A democracia floresce em Santa Cruz de la Sierra

Beatrice E. Rangel

Por: Beatrice E. Rangel - 11/08/2022


Compartilhar:    Share in whatsapp

A Bolívia faz parte do meu metabolismo afetivo desde que foi a casa dos meus pais durante a ditadura de Marcos Pérez Jiménez. Ao longo dos anos, a Venezuela foi o refúgio do presidente Hernán Siles Zuazo, que recebemos em casa e dele aprendemos as duras ações dos descendentes dos incas.

Por isso, ao longo de minha vida acompanhei com interesse e carinho o futuro dessa nação que fica no coração da América do Sul. E como tal hoje a partir de seu epicentro pulsam tempos de mudança. E eles vêm da região que deu origem ao desenvolvimento. Esta é Santa Cruz, uma cidade e região da Bolívia que encerra as virtudes da ética do trabalho, criação de riqueza, atitude empreendedora e enfrentamento das adversidades. Santa Cruz produz 30% do PIB da Bolívia e produziu a maior proporção da classe média do país desde a década de 1960.
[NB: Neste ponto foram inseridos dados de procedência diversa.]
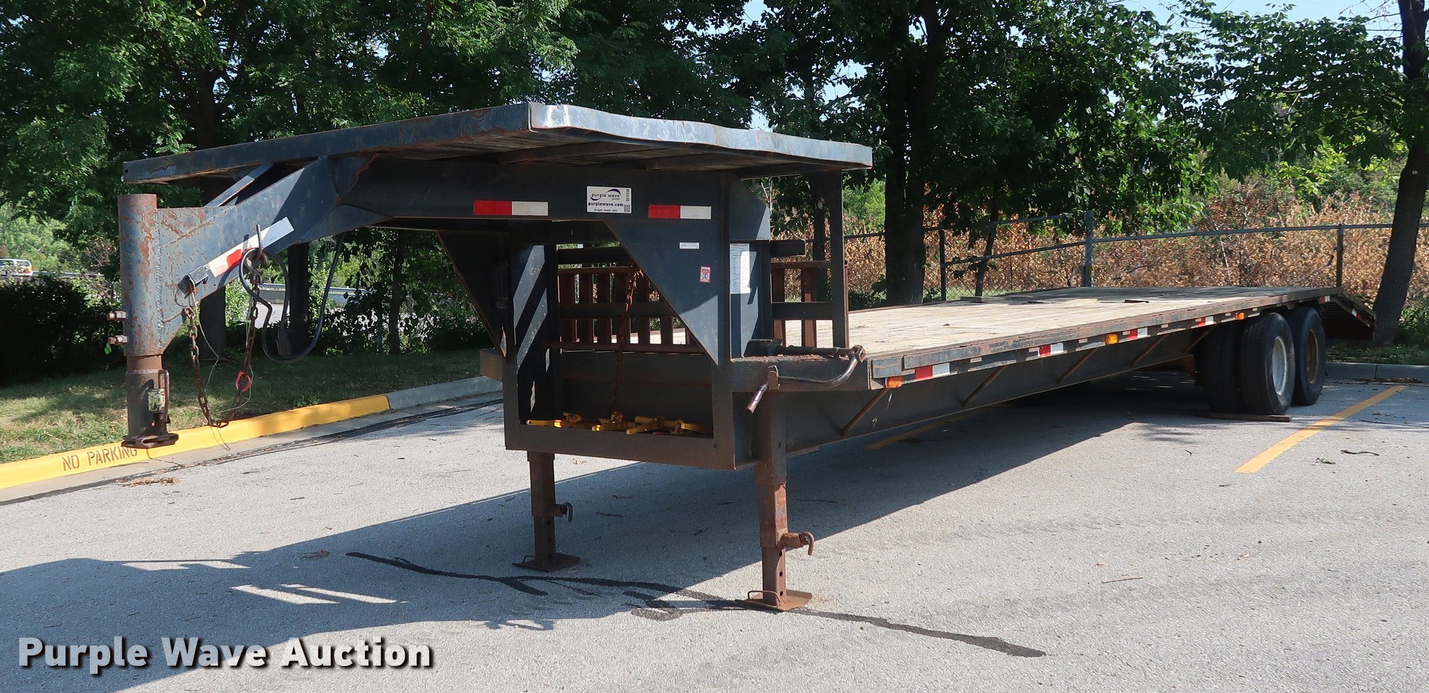 2005 equipment trailer. 25'L x 98"W deck, 77"L x 98"W upper deck, 5'L dovetail, 6'L x 16"W ramps, Gooseneck hitch, Jack stand, Spring suspension, Electric brakes, Tandem axle, 235/85R16 tires, Chains and boomers included, Right front inside tire issue, bubble on sidewall. Missouri title. DRMVB0000162484MO. 1308C NW Vivion Rd. Kansas City, MO 64118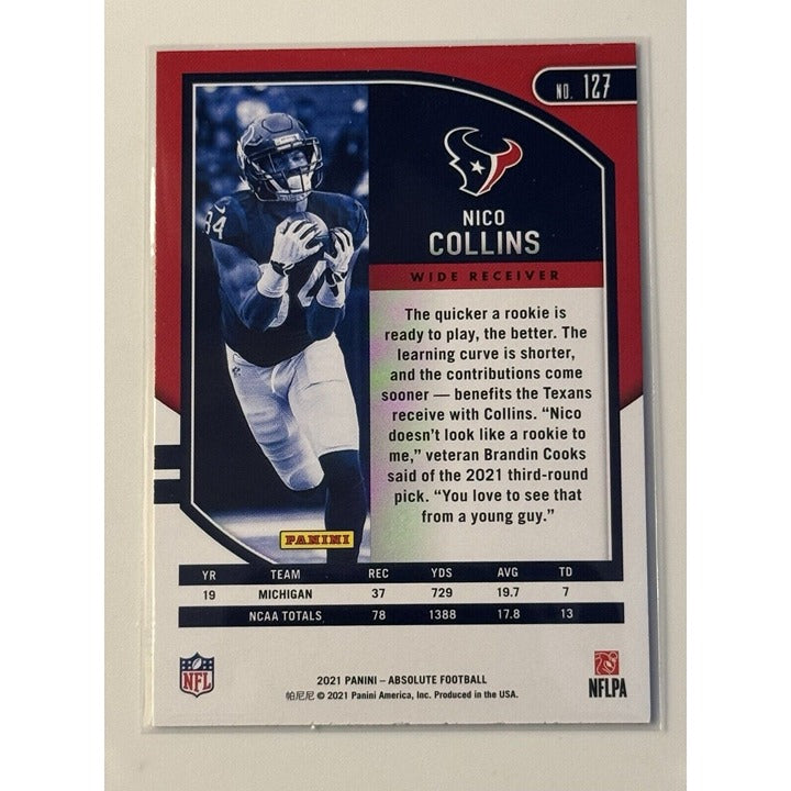 2021 Panini Absolute Rookies Nico Collins RC* NFL AFC Houston Texans - Card #127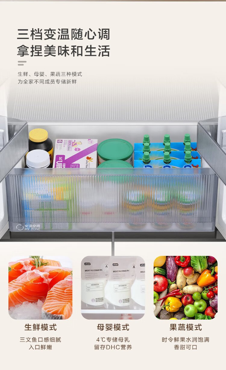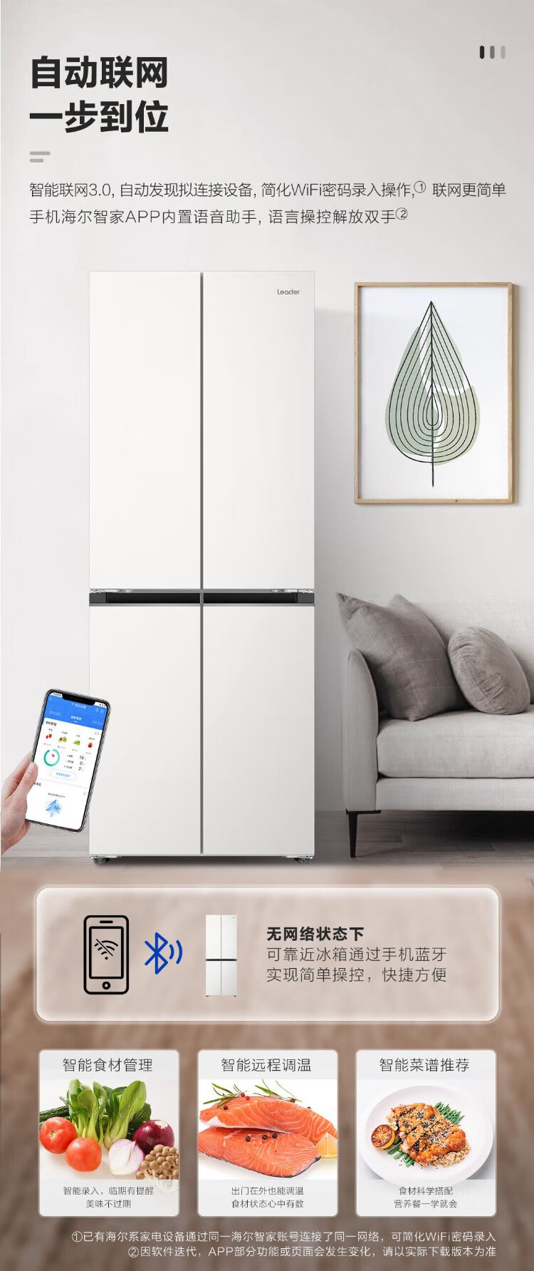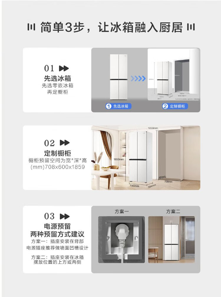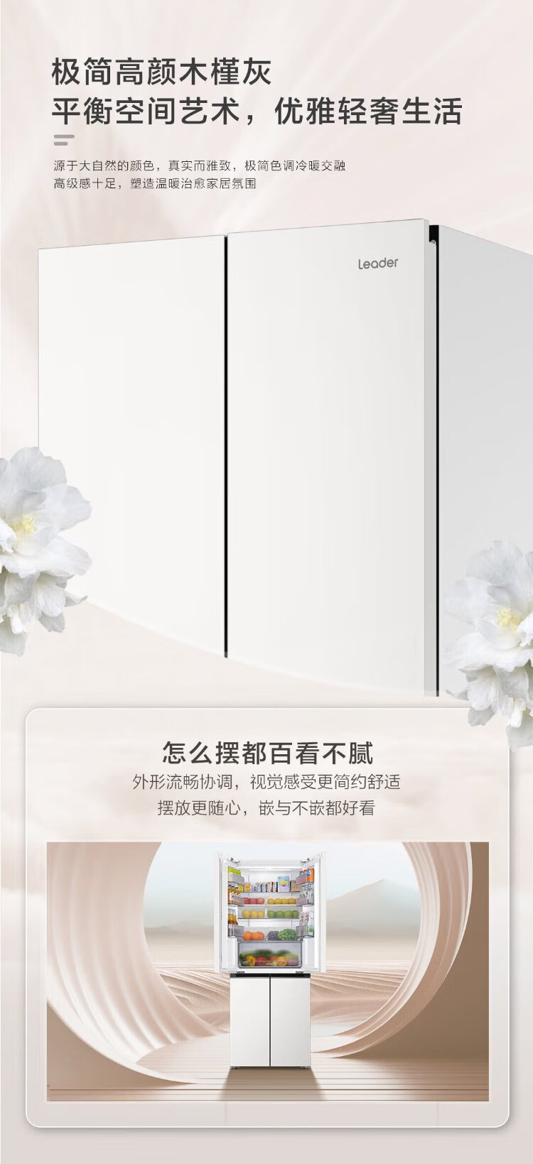 Haier refrigerator cross door 435 ultra-thin zero-embedded 417-liter side-by-side door dual-frequency air-cooled frost-free household refrigerator first-class energy efficiency state subsidy trade-in 594mm ultra-thin zero-embedded + black gold purification + three-speed temperature change

Hoje Santa Cruz de la Sierra lidera um feito que terá consequências para a democracia latino-americana. Porque toda a região decidiu pôr fim à conspiração que em muitos países esvaziou os fundamentos do sistema democrático ao impedir o exercício do direito à autodeterminação. Porque ao contrário do que muitos acreditam na América Latina, o direito à autodeterminação não é apenas ameaçado pela prática de perseguição política realizada pelos regimes socialistas do século XXI, mas também pela presença de uma aguda debilidade institucional que impede a os servidores atuam como administradores do patrimônio nacional e, portanto, como guardiões dos bens que permitem a prestação de serviços públicos. Um desses serviços públicos é a identidade dos cidadãos. Para administrá-lo é necessária a existência de estatísticas claras e exatas. Estes são obtidos através de censos. E na Bolívia em 2022 foi necessário realizar um censo populacional para extrair os dados que permitirão a elaboração do caderno eleitoral.

E o governo de Luis Arce decidiu encerrar o censo entre outras razões para manter o perfil de eleitores que lhe daria a vitória eleitoral. Como as pesquisas não são exatamente favoráveis, o regime decidiu modificar o perfil da população.
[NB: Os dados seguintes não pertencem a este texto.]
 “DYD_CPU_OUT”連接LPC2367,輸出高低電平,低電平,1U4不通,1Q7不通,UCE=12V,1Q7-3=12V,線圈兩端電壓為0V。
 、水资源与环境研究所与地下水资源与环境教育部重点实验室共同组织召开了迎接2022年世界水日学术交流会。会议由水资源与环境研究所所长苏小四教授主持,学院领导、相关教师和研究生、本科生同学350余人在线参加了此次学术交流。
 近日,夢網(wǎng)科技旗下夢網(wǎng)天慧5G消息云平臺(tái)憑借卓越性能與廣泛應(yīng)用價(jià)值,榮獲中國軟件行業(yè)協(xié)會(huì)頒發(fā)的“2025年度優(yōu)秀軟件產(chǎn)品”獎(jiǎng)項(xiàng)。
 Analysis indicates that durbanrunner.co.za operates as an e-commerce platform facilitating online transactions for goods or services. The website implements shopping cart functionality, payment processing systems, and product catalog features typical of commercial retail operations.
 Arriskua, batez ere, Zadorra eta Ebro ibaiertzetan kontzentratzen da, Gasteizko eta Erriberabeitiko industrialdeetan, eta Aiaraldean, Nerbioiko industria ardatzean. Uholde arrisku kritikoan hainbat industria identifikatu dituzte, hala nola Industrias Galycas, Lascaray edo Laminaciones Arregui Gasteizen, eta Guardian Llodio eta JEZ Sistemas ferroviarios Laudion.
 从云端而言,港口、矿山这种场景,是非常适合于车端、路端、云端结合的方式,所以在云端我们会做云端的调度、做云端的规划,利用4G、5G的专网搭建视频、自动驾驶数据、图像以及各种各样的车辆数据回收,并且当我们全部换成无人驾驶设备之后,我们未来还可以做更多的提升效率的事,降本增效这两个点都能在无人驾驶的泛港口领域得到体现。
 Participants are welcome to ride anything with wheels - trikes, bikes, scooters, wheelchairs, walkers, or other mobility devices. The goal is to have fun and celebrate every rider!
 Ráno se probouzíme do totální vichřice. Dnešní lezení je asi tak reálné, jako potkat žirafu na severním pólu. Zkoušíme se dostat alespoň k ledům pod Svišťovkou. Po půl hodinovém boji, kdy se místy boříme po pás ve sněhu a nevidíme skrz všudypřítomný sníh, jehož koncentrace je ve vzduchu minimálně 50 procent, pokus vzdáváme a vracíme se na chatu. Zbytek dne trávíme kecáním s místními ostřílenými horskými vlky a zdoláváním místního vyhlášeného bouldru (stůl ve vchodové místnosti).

E os habitantes de Santa Cruz decidiram não aceitar essa manipulação. Toda a região se levantou em protesto cívico não violento. Participou da paralisação dos trabalhos e continuará protestando até enfraquecer o governo Arce e muito possivelmente sofrer as consequências que serão repressão, prisão e tortura. Mas nada disso fará o povo de Santa Cruz recuar porque, como disse um participante da proposta, “eles começam tirando nossa identidade e depois vão tirando nossa família; trabalho e país. Porque em Santa Cruz não se trata de voltar ao status quo ex ante Evo Morales, mas de implantar uma sociedade democrática onde a sociedade civil seja a principal protagonista. E isso acontece depois que outra sociedade civil assumiu a defesa da democracia no Chile e a do Brasil criou, por meio do voto, um sistema de freios e contrapesos que revigoraria o jogo democrático. Como se houvesse motivos para ter esperança.

"As opiniões aqui publicadas são de responsabilidade exclusiva de seu autor."


As opiniões aqui publicadas são de inteira responsabilidade de seus autores.